Batagaika crater: Siberia's expanding gateway to climate challenges

In the heart of Siberia lies an enormous sinkhole called the Batagaika Crater, also known as the “gateway to hell.” The sinkhole was initially small but has grown so large that it is visible even from space. Satellite images reveal the rapid expansion of the fissure. According to the US Geological Survey, the size of the sinkhole tripled between 1991 and 2018.

Batagaika Crater is a thermokarst depression in the Chersky Range area of Siberia, recognized as the largest such depression on Earth. It was first noticed in secret satellite images from the 1960s. At that time, it was just a small crack, which changed over time. Scientists believe this expansion is due to the melting of permafrost and the rapid warming of the Arctic.

This phenomenon highlights the climate crisis and the potential catastrophic effects of further increases in greenhouse gas emissions. Roger Michaelides, a geophysicist from Washington University in St. Louis, admits that permafrost is not the most photogenic subject. Still, Batagaika Crater, as the “permafrost celebrity,” is an important reminder of the coming changes.

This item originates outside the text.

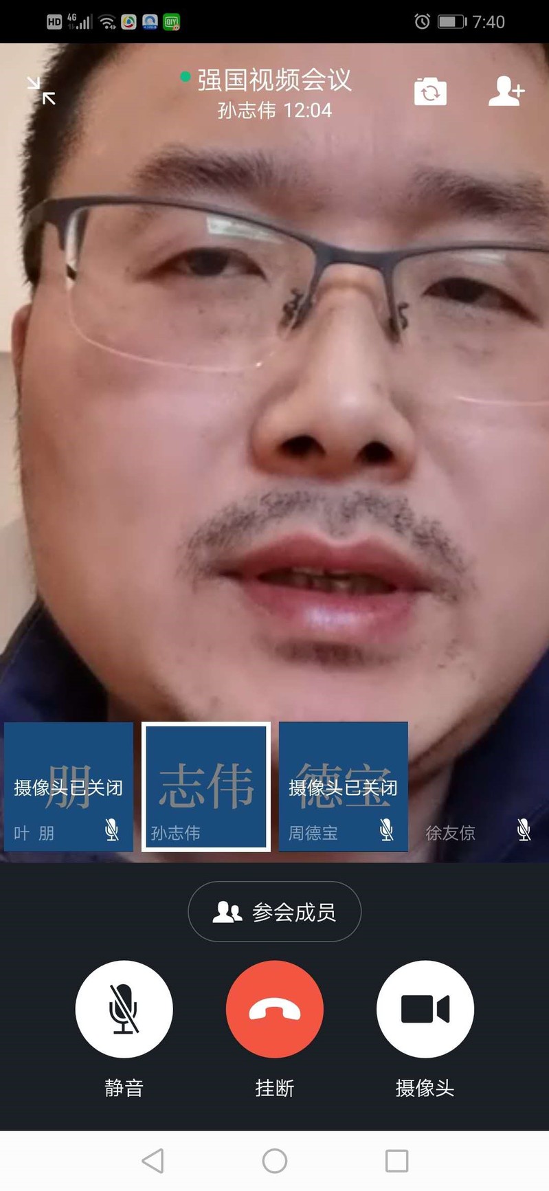 3月12日晚上6点50,战斗在武汉市江夏区人民医院的孙志伟医生和赵燕燕护士长下班后回到了驻地,简单吃了晚饭,就根据约定时间打开了学习强国的视频会议系统。通过这个便捷高效的会议平台,他们介绍了抗“疫”一线的总体情况及抵鄂一月多以来的心路历程。孙医生说:“从年初进驻武汉,到如今的坚守,就是为了一个目标:胜利!我既是医生,也是支部书记,用使命守护生命,用行动书写忠诚,让鲜红的党旗在抗‘疫’一线高高飘扬,是我义不容辞的责任”。

A study published in Geomorphology journal used data from satellites and drones to build three-dimensional model of the sinkhole and calculate its expansion rate. The sinkhole's volume increases by about 990,000 cubic metres annually, roughly equivalent to the volume of 14 Great Pyramids of Giza. Additionally, the mega-sinkhole emits approximately 4,500 to 5,500 tonnes of carbon annually, equivalent to the annual emissions from home energy use in 1,700-2,100 Canadian households.

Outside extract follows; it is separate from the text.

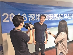 深圳奔跑者跑团宝体分部负责人张任接受宝安日报新媒体记者采访。

Alexander Kizyakov, the lead author of the study and a scientist at Lomonosov Moscow State University, emphasizes the speed at which permafrost degradation is progressing. Scientists believe that the study’s results could contribute to better modelling of future permafrost melt and greenhouse gas emissions.

Roger Michaelides believes that studying the Batagaika Crater can help us understand how it will evolve and provide information about similar formations in the Arctic. Understanding the fundamental physical phenomena underlying such formations is crucial in the context of global climate change.